Book Review: The Coldest Girl in Coldtown by Holly Black

The Coldest Girl in Coldtown by Holly Black coldest girl in coldtown

Published: September 3rd 2013 by Little, Brown Books for Young Readers

Source: ARC from publisher

Synopsis (Goodreads): Tana lives in a world where walled cities called Coldtowns exist. In them, quarantined monsters and humans mingle in a decadently bloody mix of predator and prey. The only problem is, once you pass through Coldtown’s gates, you can never leave.

One morning, after a perfectly ordinary party, Tana wakes up surrounded by corpses. The only other survivors of this massacre are her exasperatingly endearing ex-boyfriend, infected and on the edge, and a mysterious boy burdened with a terrible secret. Shaken and determined, Tana enters a race against the clock to save the three of them the only way she knows how: by going straight to the wicked, opulent heart of Coldtown itself.

The Coldest Girl in Coldtown is a wholly original story of rage and revenge, of guilt and horror, and of love and loathing from bestselling and acclaimed author Holly Black.

My thoughts: Guys, I love vampires. But I am still mostly skeptical of vampire books. It takes a new concept and a skilled writer to really make them work for me.

Luckily, I’ve enjoyed Holly Black’s writing, and I loved her take on vampire mythology. Even if this novel was far from perfect, I thoroughly enjoyed it.

The opening scene was riveting. Tana wakes up in a bath tub the night after a party and find everyone else dead in a fantastic display of carnage, except for her ex-boyfriend, who is tied to a bed. He’s been bitten, and thus craves her human blood—it’s the drinking that will complete the transformation. Oh, and there’s a vampire chained up to the bed, too.

Thus begins Tana’s wild ride to the nearest Coldtown, where vampires are kept behind walls and allowed to party to their dead heart’s content with the throngs of people who are either trapped inside or flocked to the vampire cities for a chance of deathly glamour. The endless parties are broadcast across the country like bad reality TV shows, shocking and horrifying and sexy and seductive all at once.

Gavriel, the vampire along for the ride is  a crazy, sexy guy with an enigmatic smile and a secret, so the book has that going for it right there. I can fully support madness and pouty lips.

But the novel is all start-and-go, like a car sputtering along the road. Interlaced with all of the action scenes of the road trip to Coldtown are mostly annoying flashback scenes. The back-and-forth nature of the timeline made all the world-building feel like info-dumping. This felt like a short story stretched out to be a full-length novel by adding lots of backstory. I would have enjoyed it much more if the information presented in the flashbacks had been incorporated into the present timeline. I’m not always opposed to flashback scenes, but these didn’t seem to have any rhyme or reason for their style or timing.
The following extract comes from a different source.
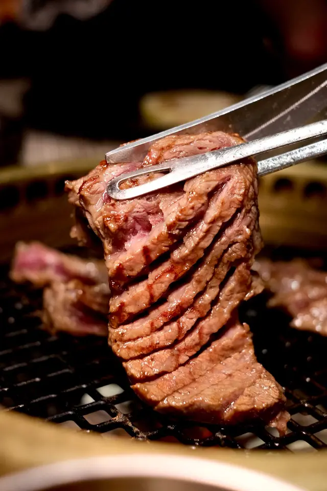 Prime牛扒,以及韓式醬醃牛肋骨,店員全燒唔駛客人落手,熊熊烈火🔥,牛肉外層焦香,肉質保持鮮嫩,牛肉味香濃!而醃牛肋骨亦好入味軟腍

And it isn’t like there wasn’t enough story to have a full length novel. There were so many subplots that could have been further developed. There’s the brother and sister wannabe-vampire duo they meet along the way; Gavriel’s backstory (which was actually interesting); Tana’s sister running off to Coldtown; the varied cast of characters Tana meets once inside Coldtown—this was the most interesting part of the story, yet seemed rushed; and of course, Gavriel’s revenge plot. All of this could have been expanded and the “backstory” about Tana’s mother could have been revealed in the present storyline.

(I know that is all kind of vague, I’m trying not to spoil since this is an early review).

Even though I didn’t feel this was a perfect novel, my complaints didn’t impact my enjoyment of the story too significantly. In fact, it had so many elements I did like, I still highly recommend it.

These vampires are bloody. This is a gory book with lots of death. No sparkling vampires here. And I loved that. There’s just enough humor to balance it out, and Tana was a spunky heroine who was realistic and flawed and pig-headed and stubborn enough to think she was invincible but kind and good-hearted enough to want to save her friends (and even her jerk of an ex-boyfriend).

And um…Gavriel. Crazy. Dangerous. Killer. But honest. Amusing. Sexy. Yeah. I liked him, and found his chemistry with Tana very believable.

If you like Holly Black’s writing, enjoy deadly vampires and don’t mine the back and forth of flashbacks, check this out. If not, give it a pass. It’s certainly not for everyone, but I liked it. It’s a great novel for teens who like their YA paranormal with a heavy dose of horror, and has lots of crossover appeal for adult fans of urban fantasy.

7 thoughts on “Book Review: The Coldest Girl in Coldtown by Holly Black

  1. Interesting review! I’m not into vampires, but I don’t avoid those books as a rule. I might check this one out (though the gore might be too much for me).

    1. Yeah, it’s kind of weird. The damphirs are half-vampires born of a moroi, the ‘good’ vampires, and either a human or another damphir. The damphirs can’t reproduce together. The damphirs are kind of hybrids and don’t drink blood and are safe in the sun, but are super strong and act as “guardians” to the moroi. This is not a book I’d recommend to you :) But it was one I felt like I should read.